Records to use –

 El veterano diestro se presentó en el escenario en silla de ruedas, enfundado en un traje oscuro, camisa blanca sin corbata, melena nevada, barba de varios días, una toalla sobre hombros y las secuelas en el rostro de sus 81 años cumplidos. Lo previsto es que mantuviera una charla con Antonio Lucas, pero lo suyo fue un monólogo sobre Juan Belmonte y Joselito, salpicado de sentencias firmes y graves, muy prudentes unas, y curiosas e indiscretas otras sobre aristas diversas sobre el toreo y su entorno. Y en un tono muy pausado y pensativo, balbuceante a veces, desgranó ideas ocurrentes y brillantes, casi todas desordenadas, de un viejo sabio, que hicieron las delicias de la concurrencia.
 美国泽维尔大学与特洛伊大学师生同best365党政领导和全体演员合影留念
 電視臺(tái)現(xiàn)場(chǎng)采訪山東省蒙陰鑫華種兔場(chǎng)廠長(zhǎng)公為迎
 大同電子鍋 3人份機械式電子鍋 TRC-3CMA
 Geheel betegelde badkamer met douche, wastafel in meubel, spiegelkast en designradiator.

---

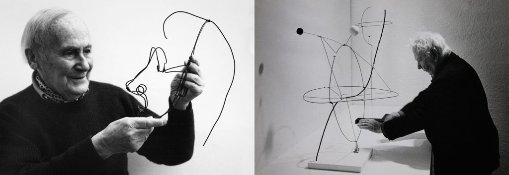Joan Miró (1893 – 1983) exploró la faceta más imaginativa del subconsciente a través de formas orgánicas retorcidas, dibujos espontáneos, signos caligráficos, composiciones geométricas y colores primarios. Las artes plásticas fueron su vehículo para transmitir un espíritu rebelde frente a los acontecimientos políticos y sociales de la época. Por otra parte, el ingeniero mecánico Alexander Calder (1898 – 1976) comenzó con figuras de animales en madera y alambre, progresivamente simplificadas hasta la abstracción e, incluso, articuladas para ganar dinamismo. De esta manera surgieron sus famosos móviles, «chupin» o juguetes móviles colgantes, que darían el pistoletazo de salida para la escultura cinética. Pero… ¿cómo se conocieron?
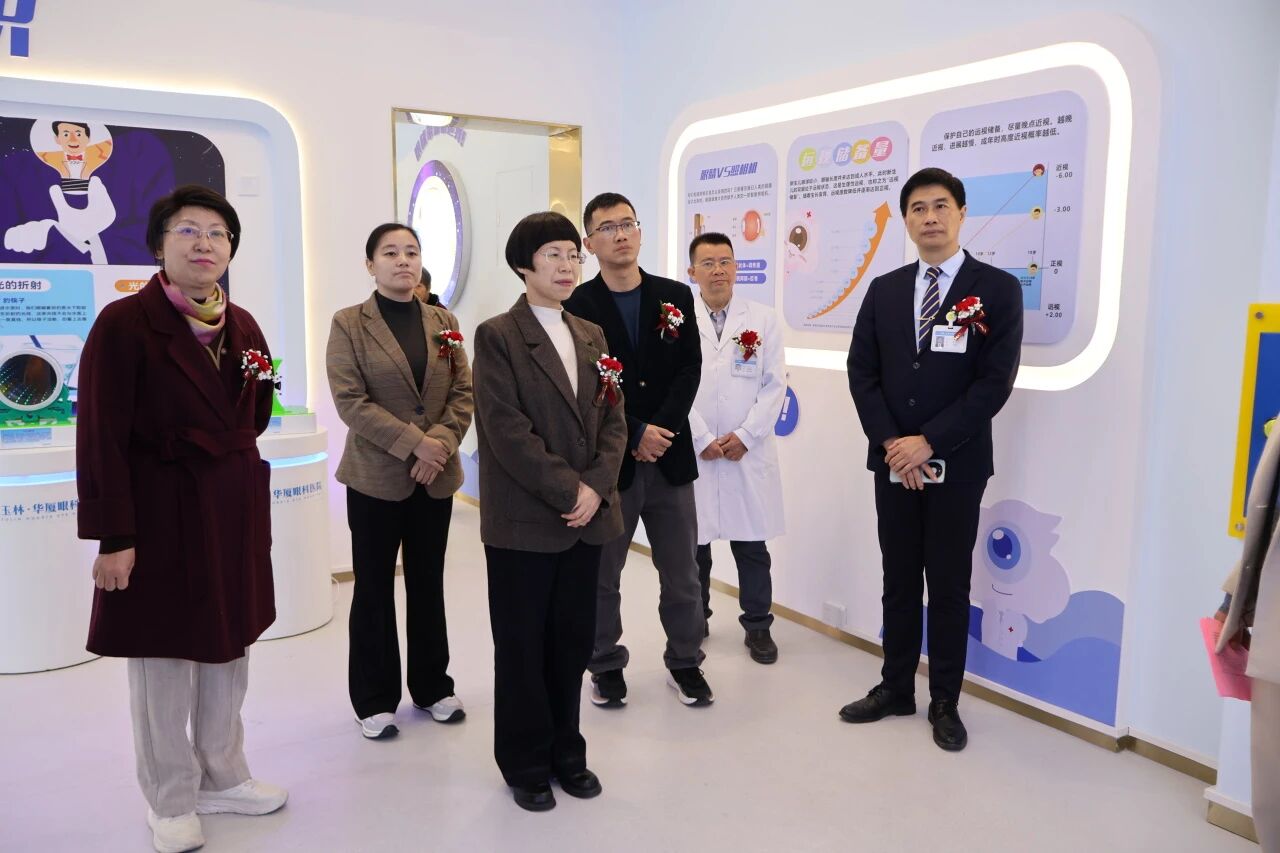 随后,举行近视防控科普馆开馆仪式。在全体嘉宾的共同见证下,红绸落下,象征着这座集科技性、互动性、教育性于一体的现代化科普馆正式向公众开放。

==

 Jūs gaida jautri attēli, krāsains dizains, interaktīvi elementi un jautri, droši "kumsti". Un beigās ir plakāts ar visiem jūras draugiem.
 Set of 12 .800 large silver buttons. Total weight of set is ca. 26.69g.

Exercise details –
Using only the entries above, output the line with "美国泽维尔大学与特洛伊大学师生同best365党政领导和全体演员合影留念", the line with "Geheel betegelde badkamer", and all lines between them, exactly as they stand.

Output below –
 美国泽维尔大学与特洛伊大学师生同best365党政领导和全体演员合影留念
 電視臺(tái)現(xiàn)場(chǎng)采訪山東省蒙陰鑫華種兔場(chǎng)廠長(zhǎng)公為迎
 大同電子鍋 3人份機械式電子鍋 TRC-3CMA
 Geheel betegelde badkamer met douche, wastafel in meubel, spiegelkast en designradiator.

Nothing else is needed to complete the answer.